Polish Wikipedia Corpus
Full textual content of Polish Wikipedia on 03.03.2013, annotated using NLP tools. The corpus has been originally created as a knowledge base for Polish Question Answering System RAFAEL [1,2].
Download plain text: Wikipedia_PL.tar.gz
Download annotations: part1.tar part2.tar part3.tar part4.tar part5.tar part6.tar
Wikipedia's text content is released under the Creative Commons Attribution-Share-Alike License 3.0.
Downloaded, processed and made available by Piotr Przybyła.
Plain text
The main directory contains subdirectories named AA to CF. They consist of subdirectories 00 to 99, containing approximately 200 kB of text each, one Wikipedia article per file.
Each article file has the following format:
<doc id="2854972" url="http://pl.wikipedia.org/wiki/?curid=2854972" title="Kamionka (powiat krośnieński)"> Kamionka (powiat krośnieński) Kamionka – wieś w Polsce położona w województwie podkarpackim, w powiecie krośnieńskim, w gminie Dukla. W latach 1975-1998 miejscowość należała administracyjnie do województwa krośnieńskiego. </doc>
In 895,486 articles there are 169 million words, 1.06 GB of text in total:
- Only ordinary articles are present - no stubs, templates, disambiguation pages, history of changes etc.
- All the multimedia, tables, references, links, and other non-plaintext elements have been removed.
- Text is encoded as UTF-8.
The corpus has been created by applying Wikipedia Extractor 2.2 script to Wikipedia dump and dividing 200 kB files into individual articles using own code.
Annotations
The annotations archive has the same structure as in case of plain text, but each of the 00-99 folders contains a single archive named 'annotationsMSNL.tar.gz'. Its subdirectories, each corresponding to a plain text file, contain the following elements:
- Text structure, dividing the document into paragraphs according to newline characters using own Python script (text_tructure.xml),
- Segmentation created using Morfeusz Polimorf 0.82 [3] (ann_segmentation.xml),
- Morphosyntactic analysis obtained from Morfeusz Polimorf and disambiguated using PANTERA 0.9.1 [4], including guesser Odgadywacz from tagger TaKIPI 1.8 [5] (ann_morphosyntax.xml),
- Syntactic words and groups generated with shallow parser Spejd 1.3.7 [6], using improved version of lemmatization grammar [7], basing on NKJP grammar from 14.02.2012 [8] (ann_words.xml and ann_groups.xml),
- Named entities recognized by Nerf 0.1 [9] (ann_named.xml),
- Named entities recognized by Liner2 2.3 [10] converted from CCL to NKJP format using own Python script (ann_named_liner.xml),
All annotations are stored in a variant of XML-based TEI P5 format, created for purposes of National Corpus of Polish [8].
References
[1] Przybyła, P. (2015). Gathering Knowledge for Question Answering Beyond Named Entities. Proceedings of the 20th International Conference on Application of Natural Language to Information Systems (NLDB 2015).

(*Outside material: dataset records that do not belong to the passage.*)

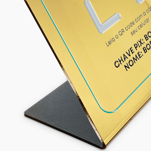 Há opções de acrílico branco, transparente, preto, espelhado prata e dourado, com impressão DTF UV e acabamento em verniz.
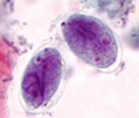 Identifique a este huevo, que mide aproximadamente 140um de largo por 70 micras de ancho y son excretados en las heces:
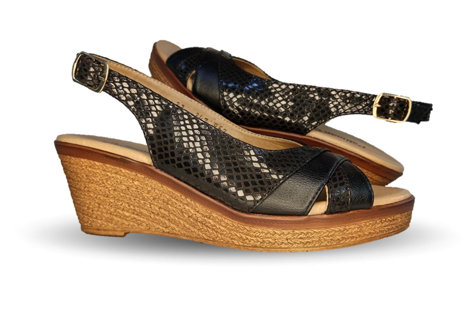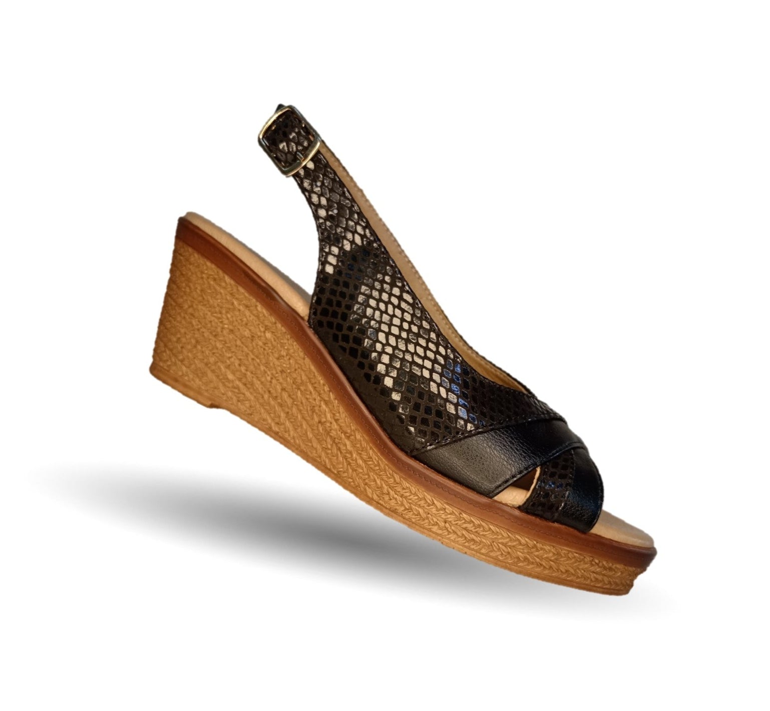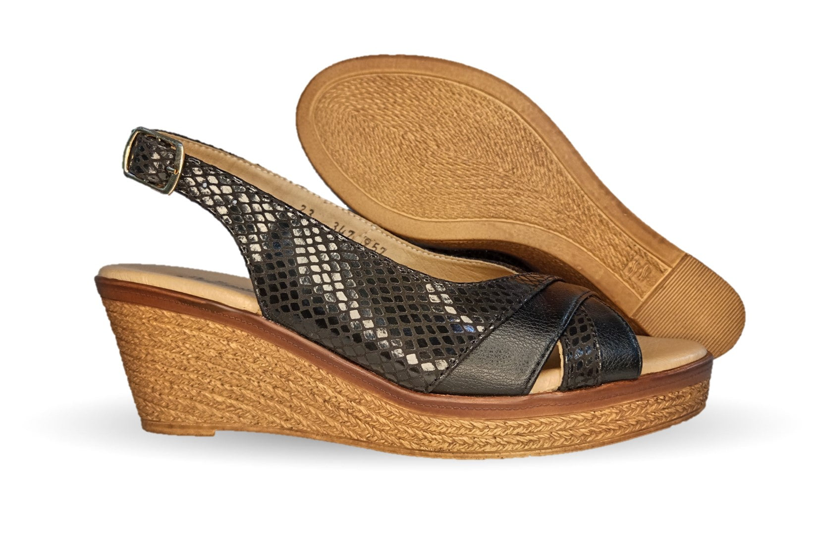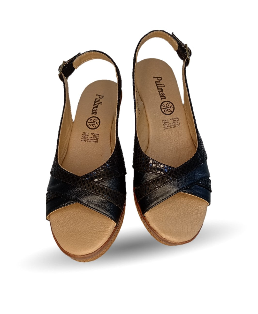 Sandalia de Confort y Casual de piel de ternera con cuña mediana Pullman 957 Negro para mujer

[2] Przybyła, P. (2014). Odpowiadanie na pytania w języku polskim z użyciem głębokiego rozpoznawania nazw. Doctoral thesis, Institute of Computer Science, Polish Academy of Sciences.
[3] Woliński, M., Miłkowski, M., Ogrodniczuk, M., Przepiórkowski, A., and Szałkiewicz, L. (2012). PoliMorf: a (not so) new open morphological dictionary for Polish. Proceedings of the Eighth International Conference on Language Resources and Evaluation (LREC 2012).
[4] Acedański, S. (2010). A morphosyntactic Brill Tagger for inflectional languages. Proceedings of the 7th international conference on Advances in Natural Language Processing (IceTAL’10 ).
[5] Piasecki, M. (2007). Polish Tagger TaKIPI: Rule Based Construction and Optimisation. Task Quarterly, 11(1-2):151–167.
[6] Przepiórkowski, A. (2008). Powierzchniowe przetwarzanie języka polskiego. Akademicka Oficyna Wydawnicza EXIT.
[7] Degórski, Ł. (2012). Towards the Lemmatisation of Polish Nominal Syntactic Groups Using a Shallow Grammar. Proceedings of the International Joint Conference on Security and Intelligent Information Systems.
[8] Przepiórkowski, A., Bańko, M., Górski, R. L., and Lewandowska-Tomaszczyk, B. (2012). Narodowy Korpus Języka Polskiego. Wydawnictwo Naukowe PWN.
[9] Savary, A. and Waszczuk, J. (2010). Towards the Annotation of Named Entities in the National Corpus of Polish. Procedings of the 7th International Conference on Language Resources and Evaluation (LREC 2010).
[10] Marcińczuk, M. and Janicki, M. (2012). Optimizing CRF-based Model for Proper Name Recognition in Polish Texts. Proceedings of CICLing 2012.